WORK INSTRUCTION: Print the line that contains "Hãy đọc và cùng", then every line after it until the entries end, exactly as they read; do not include pictures.

*** Opening RECORDED INFORMATION ***

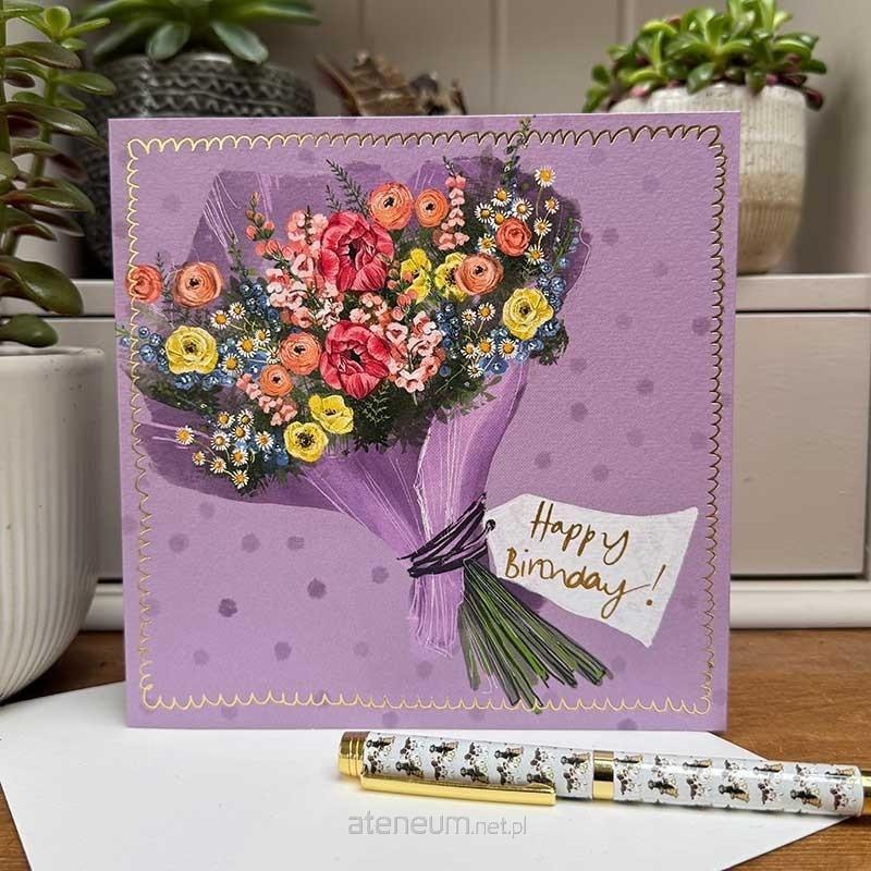 Karnet bez tekstu wewnątrz, w zestawie z białą kopertą. Wymiary 160 x 160 mm. Wyprodukowany w Wielkiej Brytanii.
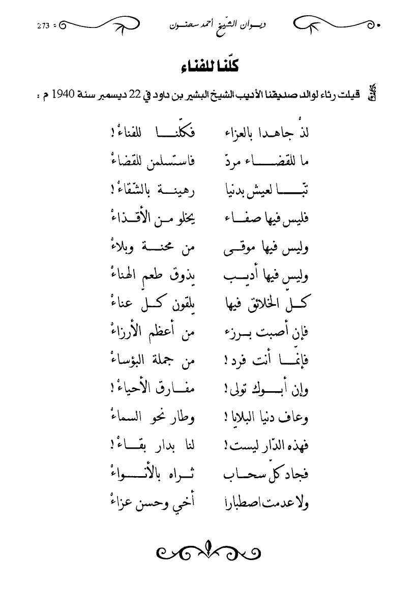 قيلت رثاء لوالد صديقنا الأديب الشيخ البشير بن داود في 22 ديسمبر سنة 1940م:
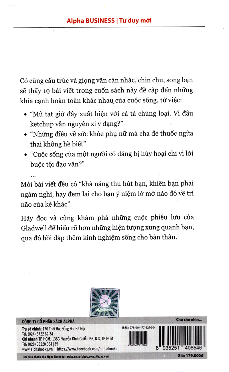 Hãy đọc và cùng khám phá những cuộc phiêu lưu của Gladwell để hiểu rõ hơn những hiện tượng xung quanh bạn, qua đó bồi đắp thêm kinh nghiệm sống cho bản thân.
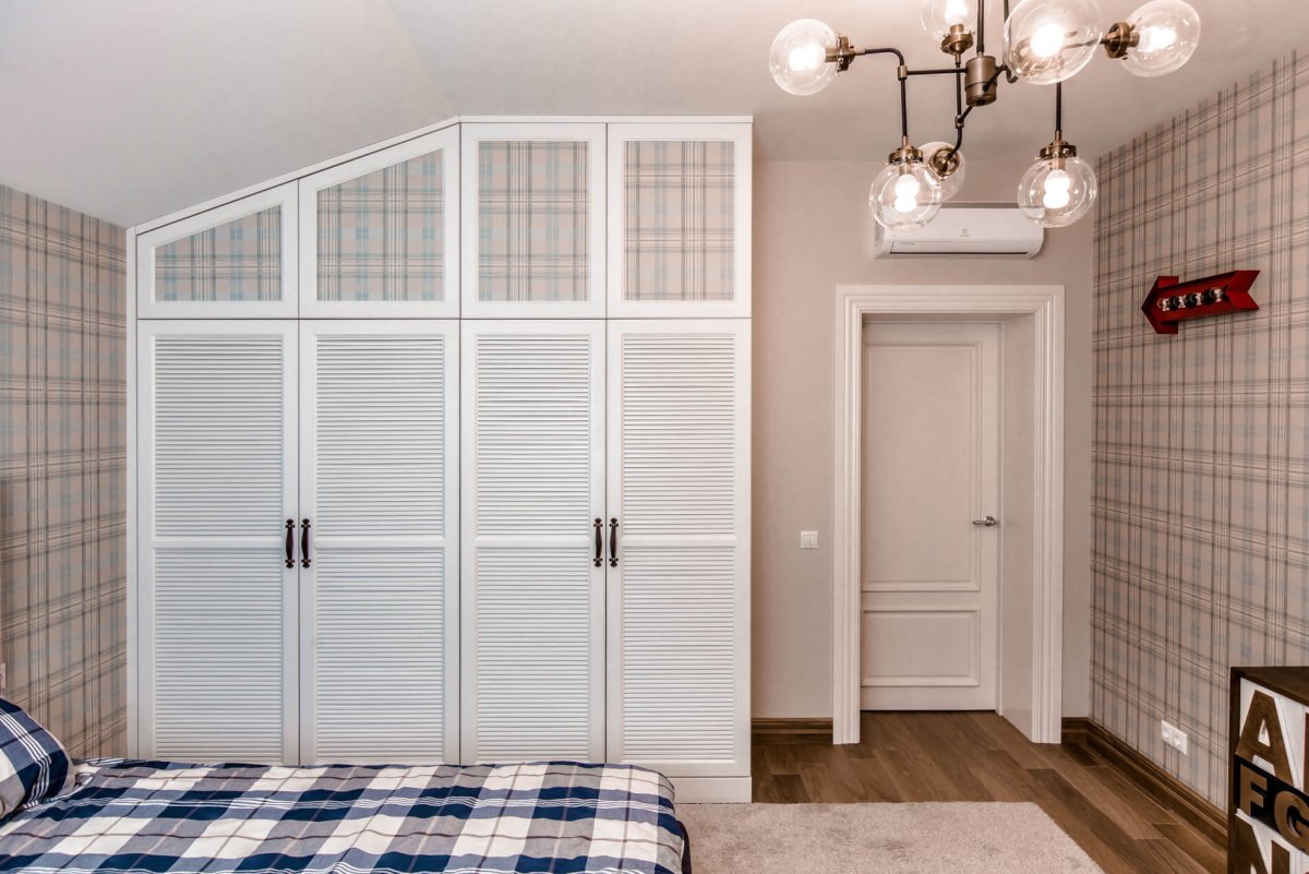 27. Шкаф с жалюзийными дверцами в интерьере спальни
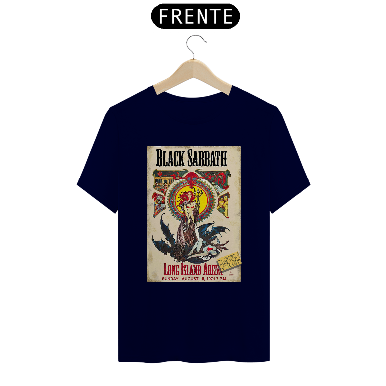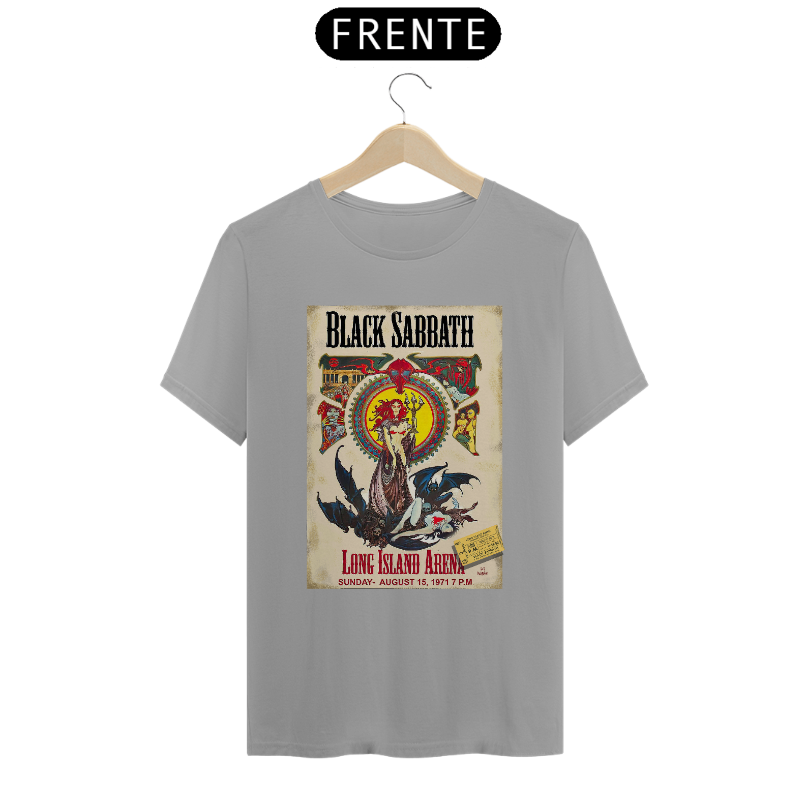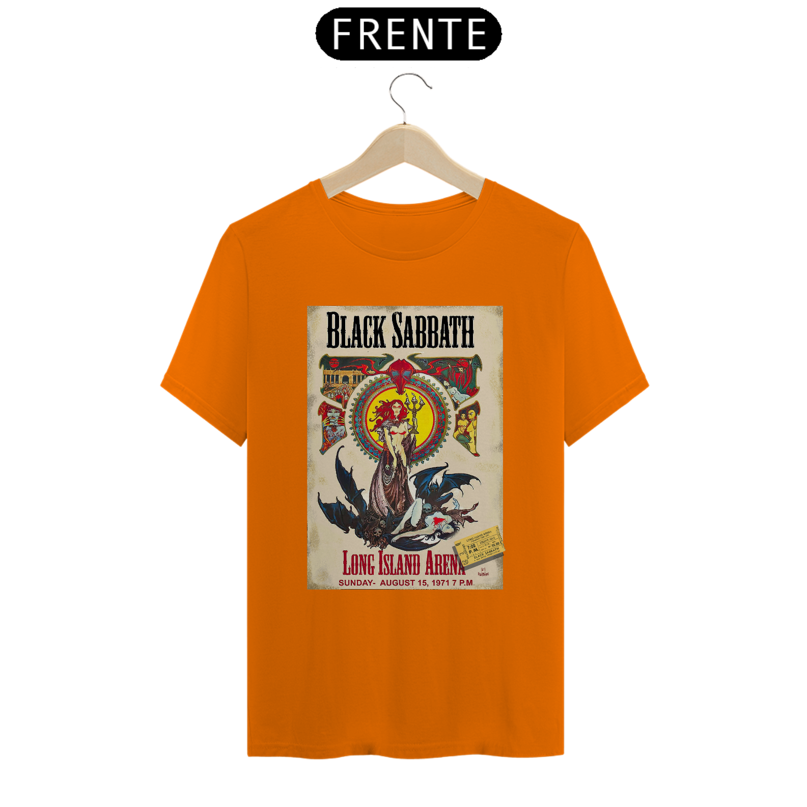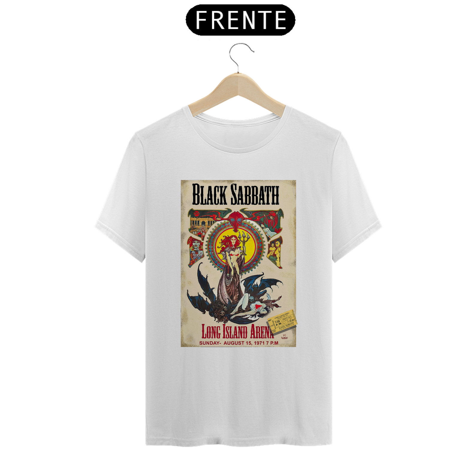 Poster de divulgação do show de Black Sabbath no Long Island Arena NY em 1971 com seu ingresso original incluso na estampa.
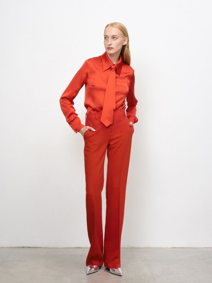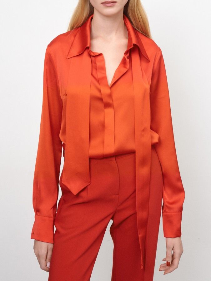 С длинным рукавом на широкой манжете (8см). Застежка центральная «супатная», на пуговицы. На спинке кокетка и две складки. Воротник отложной на стойке. Декоративный завязывающийся галстук.

*** Closing RECORDED INFORMATION ***

OUTPUT OF THE EXERCISE:
 Hãy đọc và cùng khám phá những cuộc phiêu lưu của Gladwell để hiểu rõ hơn những hiện tượng xung quanh bạn, qua đó bồi đắp thêm kinh nghiệm sống cho bản thân.
 27. Шкаф с жалюзийными дверцами в интерьере спальни
 Poster de divulgação do show de Black Sabbath no Long Island Arena NY em 1971 com seu ingresso original incluso na estampa.
 С длинным рукавом на широкой манжете (8см). Застежка центральная «супатная», на пуговицы. На спинке кокетка и две складки. Воротник отложной на стойке. Декоративный завязывающийся галстук.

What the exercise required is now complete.